In one piece, my old partner in crime from music school, Lisa Dewey, decided to give me her "tour" of San Jose's underbelly, fondly recalling Eric Carlson's former column of the same name in this very paper. That one was a blast. Investigating the garbage, the bricks, the bottles and the discarded clothes behind the old Hart's warehouse was an endeavor that I would normally engage in anyway, and it was downright moving to find someone else my age who would relish in such delights. It was like our senior recitals all over again and she received a slew of emails on that one.

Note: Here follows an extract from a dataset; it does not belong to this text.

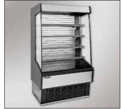
Stainless steel interior and exterior
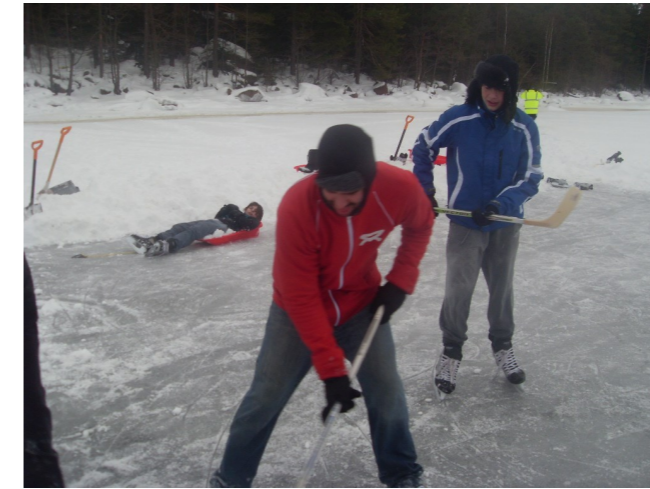
Ice Hockey on The Baltic Sea (well at least for those not resting on their sledges!

In another column, I hooked up with veteran freelance writer Larry Tritten in Vancouver, British Columbia. Having read his stuff six years ago, the sheer variety of it all is partly what convinced me that I should do the same. Having to specialize in one area was death, in my opinion, and precisely the reason why, at least most of the time, I try to be unpredictable and write about as many different things as possible. That particular column also instigated a family reunion of sorts, as a friend of mine knew Tritten 30 years ago and hadn't seen him since. I hooked them up and the drinks flowed. It would never have happened if not for that column and that trip to Vancouver.

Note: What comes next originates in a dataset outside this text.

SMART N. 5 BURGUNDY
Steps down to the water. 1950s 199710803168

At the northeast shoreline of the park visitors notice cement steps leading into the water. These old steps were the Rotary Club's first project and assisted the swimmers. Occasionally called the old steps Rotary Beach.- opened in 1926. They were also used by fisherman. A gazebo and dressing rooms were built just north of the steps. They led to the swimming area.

And speaking of things that would never have happened, here's proof that something good can come out of MySpace. I found the page of an old punk band I used to check out in the mid-'80s, Verbal Abuse (VA), and then just a few months later, the San Francisco Chronicle ran a sappy piece about the 25th anniversary of Journey's Escape album, so, being the reactionary type, I had to respond with a dark, violent piece about the 20th anniversary of VA's Rocks Your Liver album. The darkness just poured off the page and the drummer's ex-wife then found me through MySpace from Idaho after reading that one. Holy Toledo.
The CD rerelease of that album now sits on my desk, among piles of other stuff, the subject of yet another column that received mixed reviews. Yeah, one week I decided to write about all the crap on my desk because I thought it was rockin' story. That was it. One friend told me that column was one of the worst things I've ever written, and another friend told me it was one of the best things I've ever written. Go figure.
But nothing topped the reaction I received after a pal showed me around the Elks Lodge on Alma Avenue. You see, this is where my sense of humor gets me into trouble sometimes. In a yarn titled "Got Elk?" I slithered through the lodge and painted it precisely as it was presented to me: a beautifully decrepit cross between a dive bar, an RV park and an old folks home. I loved it. But some Elks didn't get the humor and I got slammed with hate mail on that one.
Enough is never enough, and all I can say is that I look forward to 2007. Happy New Year.